Functions can sometimes trigger an index scan. This is when a Consolidator needs to re-read previously consolidated rows in order to calculate the correct value.

  • For some functions, this is never required: for example, sum and count.
  • For some functions, it is required sometimes: for example, min and max.
  • For some functions, it is always required: for example, stDev.

Starting and killing the process

All Genesis processes can be started or killed using the startServer and killServer commands. But here's the thing; if the Consolidator process stops for any reason, you should almost certainly perform a cold start when you restart the process. This ensures that any changes to data while the process was not running are properly recalculated before any real-time calculations are triggered.

warning

If you simply restart the Consolidator process, then any changes to data that occurred while the process was not running will not be recalculated. Got that? The changed data will not be recalculated.

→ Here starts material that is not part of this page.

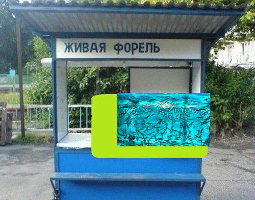 (за заплаткой закрыт аквариум с рыбками для пилинга.

The startProcess command (cold start)

A cold start avoids the danger of losing your calculated data. To make a cold start, run the command

startProcess GENESIS_CONSOLIDATOR --coldStart

In this case, the Consolidator process is called GENESIS_CONSOLIDATOR. If in doubt, you can find the exact name of your consolidator in the service-definitions file.

Alternatively, you can enable --coldStart persistently by adding it to the <arguments></arguments> option. More info can be found in configuring runtime.

<process name="POSITION_CONSOLIDATOR">
<groupId>POSITION</groupId>
<description>Consolidates trades to calculate positions</description>
<start>true</start>
<options>-Xmx256m -DRedirectStreamsToLog=true -DXSD_VALIDATE=false -XX:MaxHeapFreeRatio=70 -XX:MinHeapFreeRatio=30 -XX:+UseG1GC -XX:+UseStringDeduplication -XX:OnOutOfMemoryError="handleOutOfMemoryError.sh %p"</options>
<module>genesis-pal-consolidator</module>
<package>global.genesis.pal.consolidator</package>
<primaryOnly>false</primaryOnly>
<script>position-consolidator.kts</script>
<loggingLevel>DEBUG,DATADUMP_ON</loggingLevel>
<language>pal</language>
<arguments>--coldStart</arguments>
</process>
</process>

This command consolidates all records in the system before starting the real-time event-driven consolidations. At the beginning of a cold start, all fields in consolidationFields of the consolidation table are zeroed (or deleted, if transient) before initiating the re-consolidation of all the records in the database.

Troubleshooting

You can set the default logging level for all the Consolidators in your application-consolidator.kts file using a config statement at the beginning. However, within any individual Consolidator, you can also set a logging level that overrides this setting. If a Consolidator is not functioning as expected, raise its logging level to INFO, or even higher. Let's see a very simple example. Here the default logging level has been set to INFO. However, Consolidator B has its own loglevel, DEBUG, which overrides the file-level setting:

consolidators {
config {
logLevel = INFO
}
consolidator ("A", ...) {
...
}
consolidator ("B", ...) {
config {
logLevel = DEBUG
}
...
}
}

Custom Log messages

Genesis provides a class called LOG that can be used to insert custom log messages. This class provides you with 5 methods to be used accordingly: info, warn, error,trade,debug. To use these methods, you need to provide, as an input, a string that will be inserted into the Logs.

Here is an example where you can insert an info message into the log file:

LOG.info("This is an info message")

The LOG instance is a Logger from SLF4J.

note

In order to see these messages, you must set the logging level accordingly. You can do this using the logLevel command.